The Strad's experts evaluate the latest string recordings
A successful follow-up to a jazz–classical group’s disc debut
Wednesday, 16 October 2013
Basquiat Strings: Emma Smith, Vicky Fifield (violin) Jennymay Logan (viola) Ben Davis (cello) Richard Pryce (double bass) Seb Rochford (drums)
F-IRECD 55 (www.bendavis.info)
Led by London-based improvisatory cellist Ben Davis, Basquiat Strings caused a stir in 2007 when its debut self-titled album was nominated for the Mercury Music Prize. Recorded in 2009 but only now released, ‘Part Two’ is very much a companion piece to the original. The sextet’s blend of through-composed tunes – of complex, jagged rhythmic structures or sostenuto calm – and extended improvising space is as beguiling as before. Davis remains the outstanding improviser among the string players (his sotto voce opening solo on History of Her is sublime), but every player takes at least one solo.
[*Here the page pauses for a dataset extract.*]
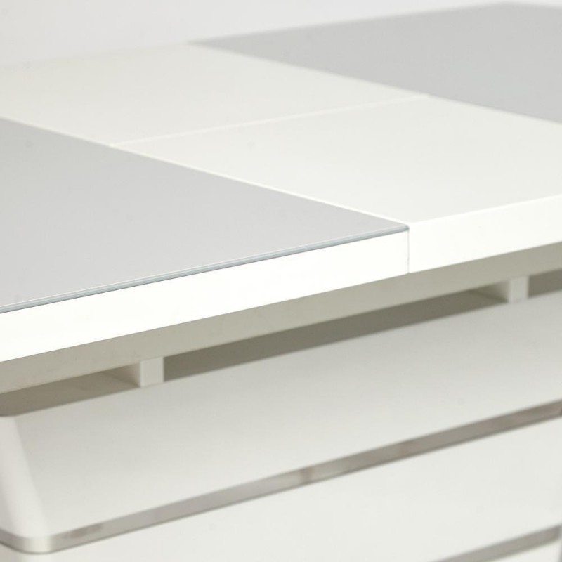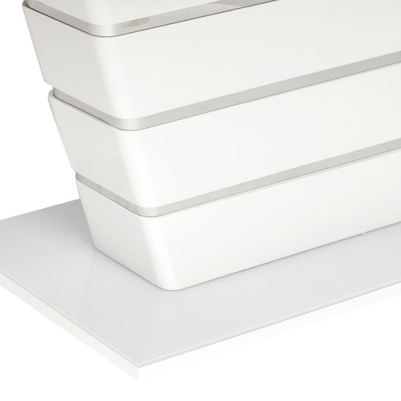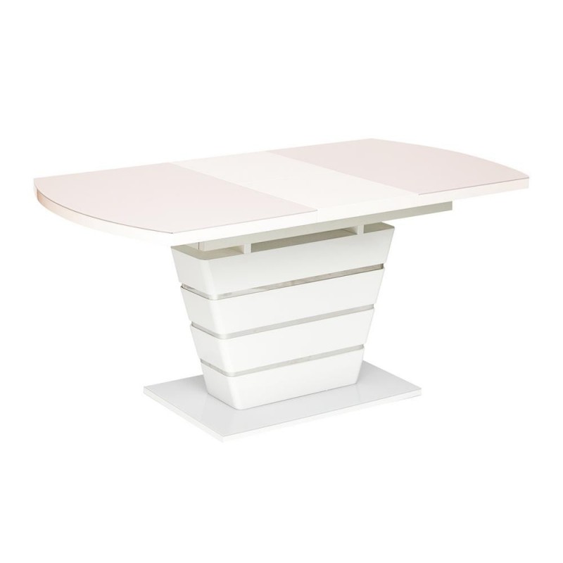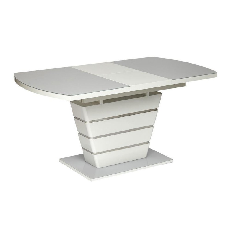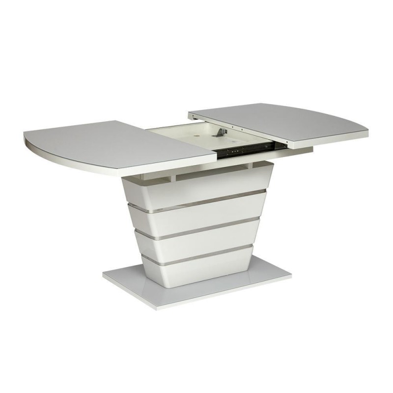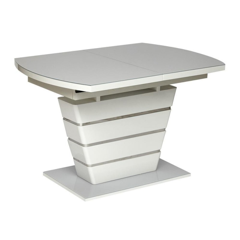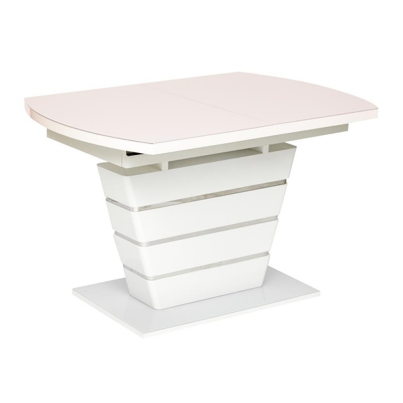 На тяжёлой и устойчивой стальной подставке расположилась ножка с удобно раскладывающейся столешницей, покрытой высокоглянцевым лаком. Установить центральную секцию, чтобы увеличить площадь стола, не составляет труда, благодаря надёжному механизму.Стол, выполненный в стиле модерн, подчеркнет индивидуальность вашей кухни, не перегружая ее лишними деталями.

There are differences too, however. As well as mixed classical (Bartók and Pärt) and jazz influences, there are nods to South American melodies and rhythms. Seb Rochford’s sympathetic drumming is even more integrated into the overall texture while the ensemble playing, and the recording, is intimate and refined. And in contrast to the original CD, apart from a pleasingly sleazy version of ‘It Ain’t Necessarily So’, an inventive double-stopped cello solo, all the pieces here are by Davis. His distinctive compositional voice and the group’s tighter playing makes ‘Part Two’ a more mature recording, even if his tunes aren’t always as memorable as the covers of part one.